The Mockingbird's Song

DISCLAIMER: I don't own a thing, everything is with their rightful owners.

*A/N* This was actually meant to be part of a larger text but that sort of didn't go anywhere, so I'll post it on its own now, because I'm just too proud of these two snippets to delete them and I guess they make a decent story on their own.

This is a companion piece to "Liar, Liar", you should read that one first if you haven't already.


"You're like one of those birds from the Summer Isles, aren't you? A pretty little talking bird, repeating all the pretty little words they taught you to recite."- Sandor Clegane in "A Game of Thrones"

His dagger was out, poised at her throat. "Sing, little bird. Sing for your little life." -Sandor Clegane in "A Clash of Kings"


He had lost track of how long he'd stood there in front of the huge glass pane, staring out onto the city. At night, when it was dark and the only thing you could see were the lights in the windows of the skyscrapers and the pale blotch on the sky that was probably the moon, the whole place looked less dirty. He liked that about the night.

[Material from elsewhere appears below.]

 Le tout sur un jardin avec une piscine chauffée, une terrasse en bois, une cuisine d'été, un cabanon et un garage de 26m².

The only colourful things were the screamingly bright ugly neon lights of the advertisements, the red lights in the brothel's shop windows and the blue shadows racing across the walls whenever a police car dared to come out this far into the legal vacuum.

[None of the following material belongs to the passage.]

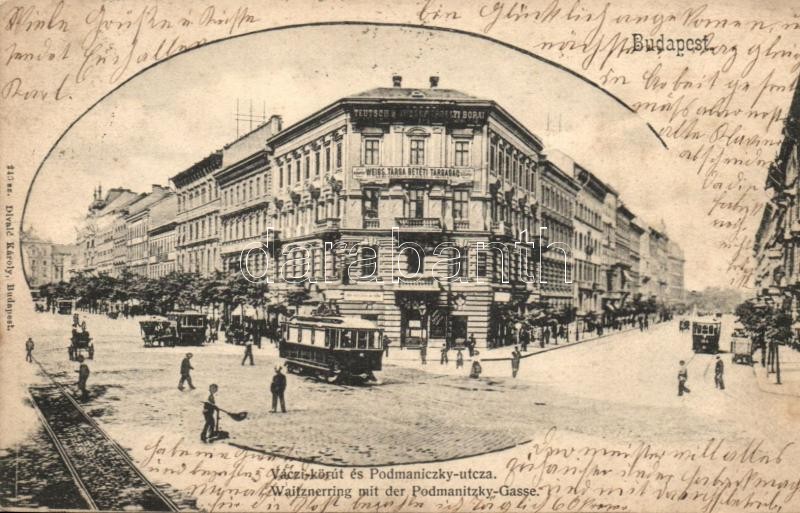 Budapest VI. Váci körút és Podmaniczky utca, villamosok, Teutsch B. József erdélyi borai, Weiss és Társa Betéti Társaság, utcaseprő, csendőr. Divald Károly 246.

But the living things had no colour. All cats were grey by night. And this was Petyr's world – a faceless mass of pawns, and him at the top, looking down on them.

He owned the red light streaming across the streets, he had his fingers in the affairs of the men who owned the advertisements and he had bought every second policeman in town.

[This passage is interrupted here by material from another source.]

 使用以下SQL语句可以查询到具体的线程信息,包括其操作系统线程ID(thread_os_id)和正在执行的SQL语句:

And if he felt like it, he would have to do nothing more than make a call to put out every single light out there, cut the power.

He loved the night for that – it made his power visible. He owned the colours of this world, he, the poor boy from overseas who'd had to grow up in a foster family because his good-for-nothing of a father had had the habit of drinking himself senseless before noon.

He'd come far, and every now and then, he allowed himself to be proud of that.

"Mr Baelish?"

He turned around and looked at the man in the plain suit. "Yes?"

"We found her."

He threw him a quick, lazy smile the way the rich people used to toss him a coin when he was a kid. "Bring her inside," he replied softly, put down the wineglass and followed the man into the hall.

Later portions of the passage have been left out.